Methodology, expertise, data
Here, internet-scale data usually comes in the form of so-called ‘word embeddings’, numerical encodings of words, derived from statistics about word usage on the web. This approach is based on the dictum of noted linguist John Firth, “you shall know a word by the company it keeps”. For example, the word ‘Norwegian’ may tend to co-occur frequently with words like ‘oil’, ‘fjord’ and ‘taxes’ across the web, while “Irish” might occur with ‘green’, ‘literature’ and ‘dancing’. Word embeddings capture this information and computers use this to make decisions about language. In short, embeddings are a kind of word definition that computers understand.

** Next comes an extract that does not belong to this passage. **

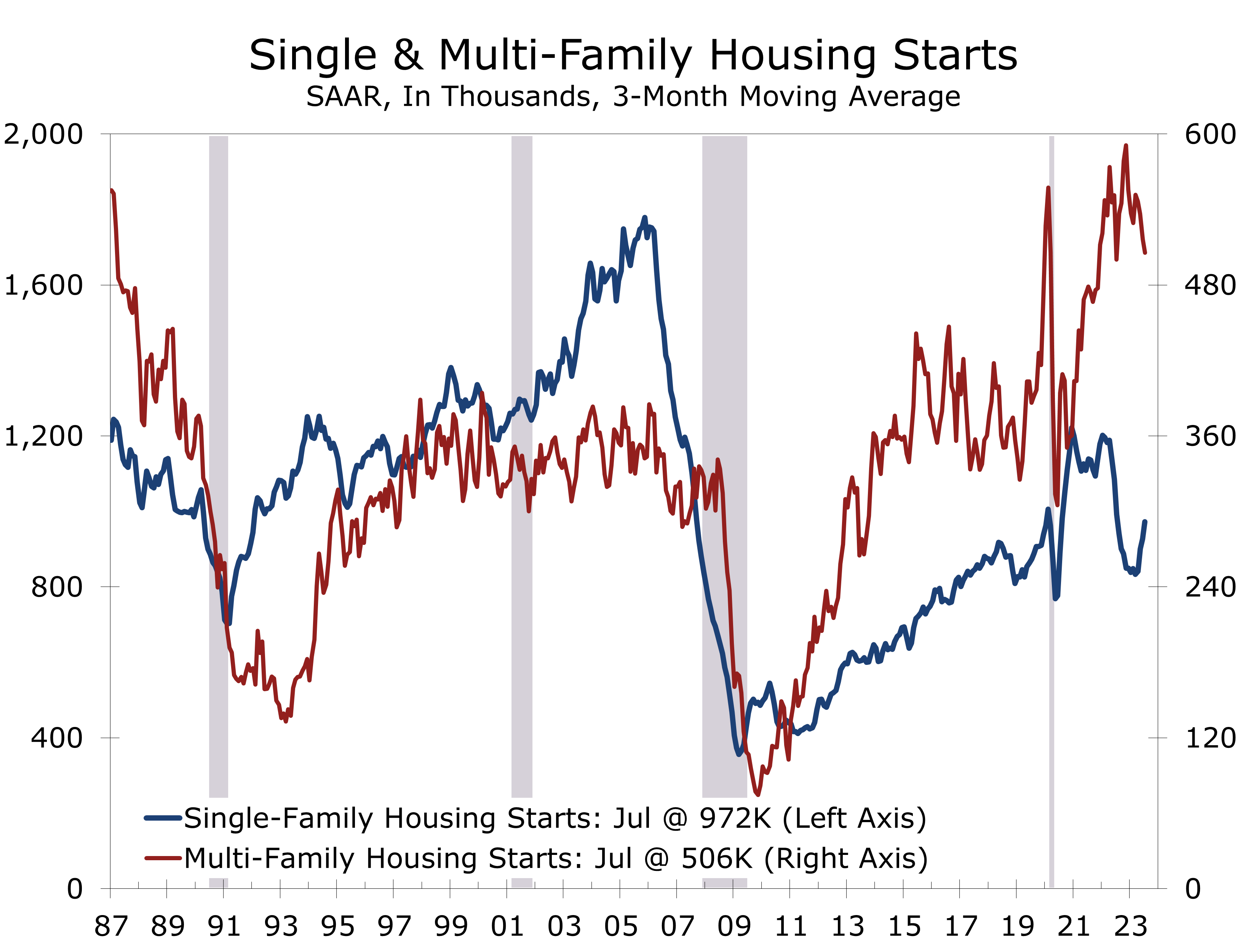 - Housing starts rose 3.9% to a 1.452-million-unit pace in July. Sales in June were revised lower, while sales in May were revised slightly higher. On net, starts are roughly 1.3% ahead of where they were initially reported to be for June.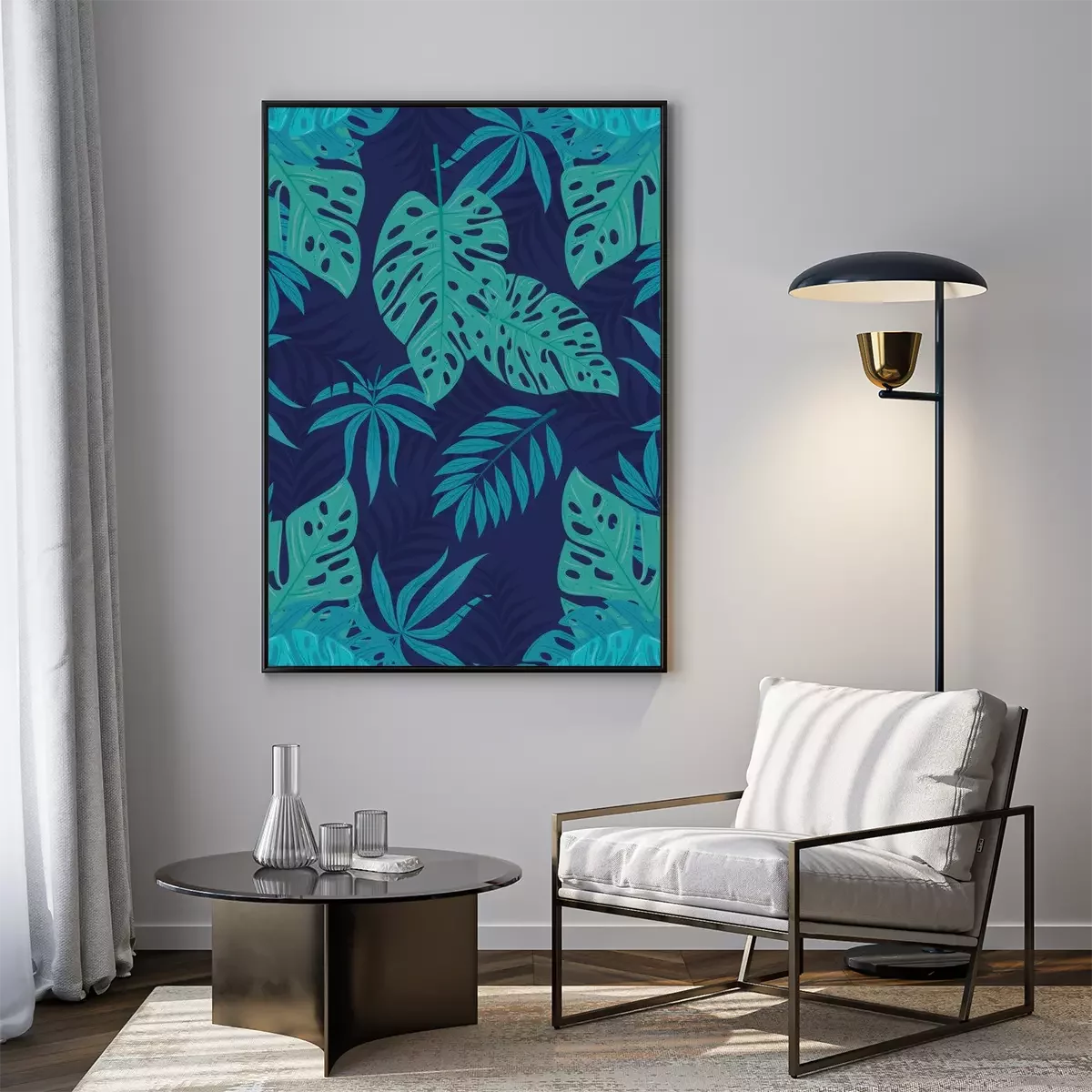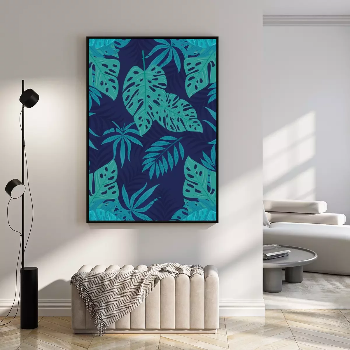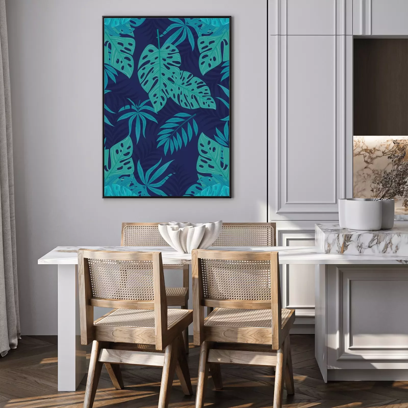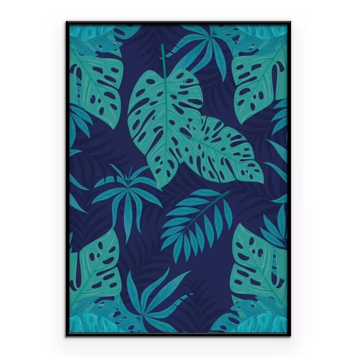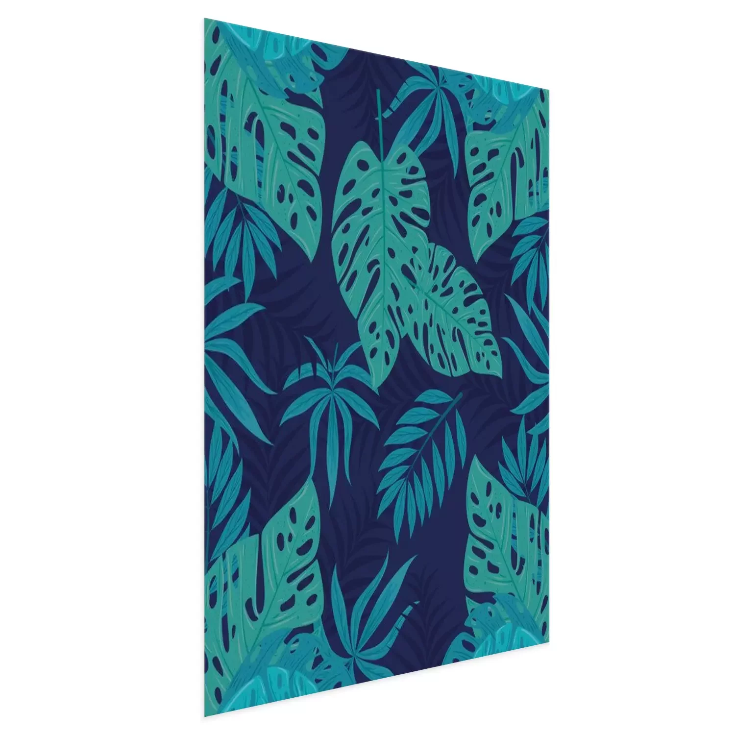Poster: Blaue und grüne Blätter auf dunkelblauem Hintergrund

Toxicity detectors then need another layer of information: genuine toxic data. Because the machine learning model has to be able to cope with different gradations of toxicity, it must also be trained on such nuances, from subtly insidious text, to out-and-out hatred. This means data must be carefully sourced and filtered. Crucially, the data must also be labelled. The importance of this task cannot be underestimated. Labelling is the most explicit signal to the AI as to what is and isn’t toxic. Sourcing, filtering and labelling are usually the task of expert annotators. The annotation team needs to be sufficiently diverse, in background and perspective, to alleviate bias to the greatest extent possible. Tools like CaliberAI’s harmful content detection suite leverage toxicity and bias to create a complex toxicity benchmark that can localize problematic text, present it to the user, and help mitigate risk of legal liability or reputational damage for publishers of all kinds. CaliberAI takes the task of data labelling - again, the most explicit signal we can give a machine learning algorithm - extremely seriously, leveraging the expertise of a diverse panel of annotators, academics and scientists from the fields of ethics, linguistics, journalism, law and computing to create the world’s most sophisticated model of toxicity. This is what fit-for-purpose data looks like, as we strive for efficient yet human and ethical machine learning.
While toxicity detection research is a vibrant, active and diligent space, it is not without its technical and methodological challenges. Although many applications, including CaliberAI’s, currently boast accuracy rates above 90%, researchers at the Universities of Oxford, Utrecht, Sheffield and The Alan Turing Institute recently published an important paper on the need for new qualitative metrics. They highlighted the tendency of toxicity programs to ‘overflag’ content that deals with demographic categories, such as gender, sexuality or religion, especially in complex edge cases, such as ‘reclaimed slurs’ and ‘denouncements’ of hate that refer to hate directly. In short they can be oversensitive.
But as Evelyn Douek, affiliate at The Berkman Klein Center for Internet & Society recently opined in an interview with WIRED magazine, in a world of information chaos, erring on “the side of more false positives” is often necessary, as the “social cost of not using the machines at all” can be too high.